An electrical connector for terminating multiple conductor electrical cable is disclosed in U.S. Pat. No. 3,760,335, and includes two parallel rows of electrical contacts. The contacts of a plug version of the connector resiliently engage those of a receptacle version, when the two versions are intermated. The contacts of each version have wire receiving and connecting portions, each in the form of a resilient plate provided with a slot. An insulted conductor of the cable is trimmed to length and inserted in the slot. The conductor tends to widen the slot. Since the plate is resilient, the sides of the slot provide resilient jaws which resist widening of the slot. As a result, the jaws slice through the insulation of the conductor and resiliently engage opposite sides of the wire.

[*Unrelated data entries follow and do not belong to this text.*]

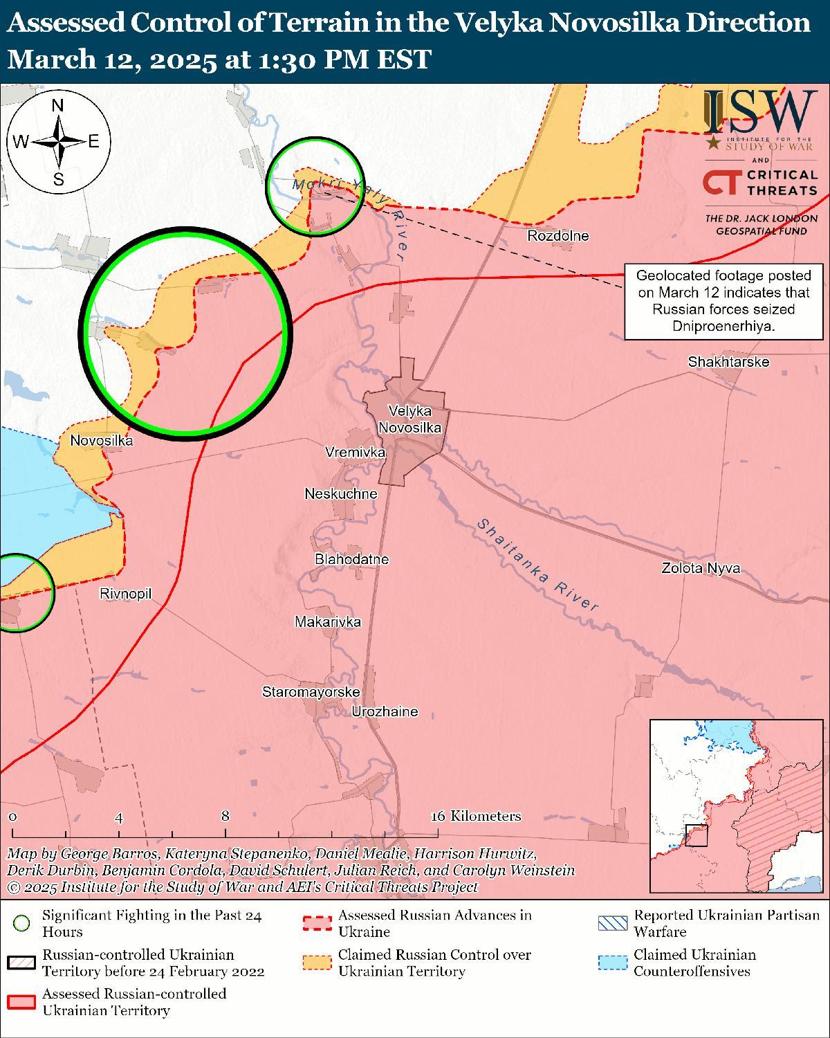 Оценка российского продвижения: геолоцированные кадры, опубликованные 12 марта, указывают на то, что российские войска недавно захватили Днепроэнергию (к северу от Великой Новоселки). [69] Минобороны РФ и другие российские источники утверждали, что в захвате населенного пункта участвовали подразделения 37-й мотострелковой бригады (36-я ОА, Восточный военный округ) и 40-й бригады морской пехоты (Тихоокеанский флот). [70]
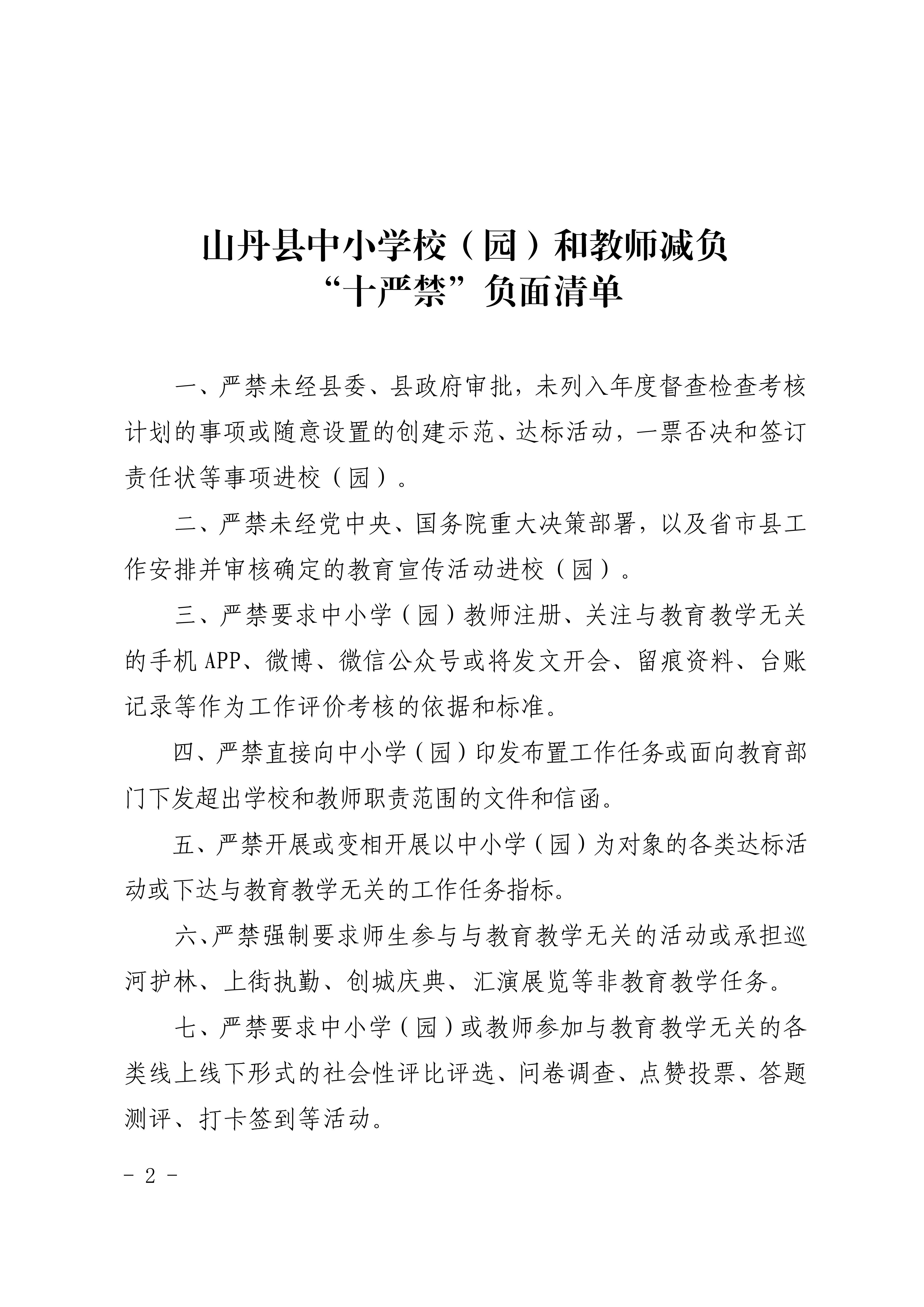 共山丹县委办公室 山丹县人民政府办公室关于印发山丹县中小学校(园)和教师减负“十严禁”负面清单的通知
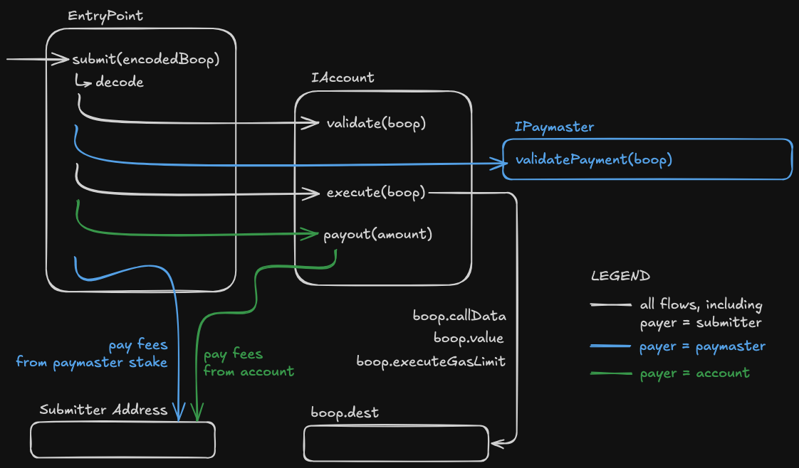 boop.payer === boop.account), follow the black and green lines. - If a paymaster pays for the boop, (

Suitable apparatus have been developed for trimming and inserting the conductors into the connector contacts, as disclosed in U.S. Pat. Nos. 3,803,695; 3,864,802; and 3,995,358. Each disclosed apparatus requires an operator to grasp a pair of conductors and insert them into the apparatus. Then the apparatus is actuated, either manually or automatically, to trim the conductor and transfer the trimmed wires into the connector. One type of apparatus requires all conductor pairs to be placed in the apparatus, followed by simultaneous or mass termination of the conductors in the connector contacts. A second type senses each pair of conductors and thereby is automatically triggered to trim and insert the pair into a corresponding pair of connector contacts. While an operator is in the process of selecting and grasping the next pair of conductors, the apparatus of the second type has automatically moved, relative to the connector, in registration with the next pair of connector contacts into which the next pair of conductors will be inserted.
Each type of conductor trimming and inserting apparatus requires a clamp for anchoring the cable to the apparatus while the conductor terminations occur. The clamp is positioned out of the way of the operator and the working parts of the apparatus. While this clamp location is convenient to the operation of the apparatus, the clamp may force the cable to project in a peculiar or undesired direction in respect to the connector to which it becomes assembled.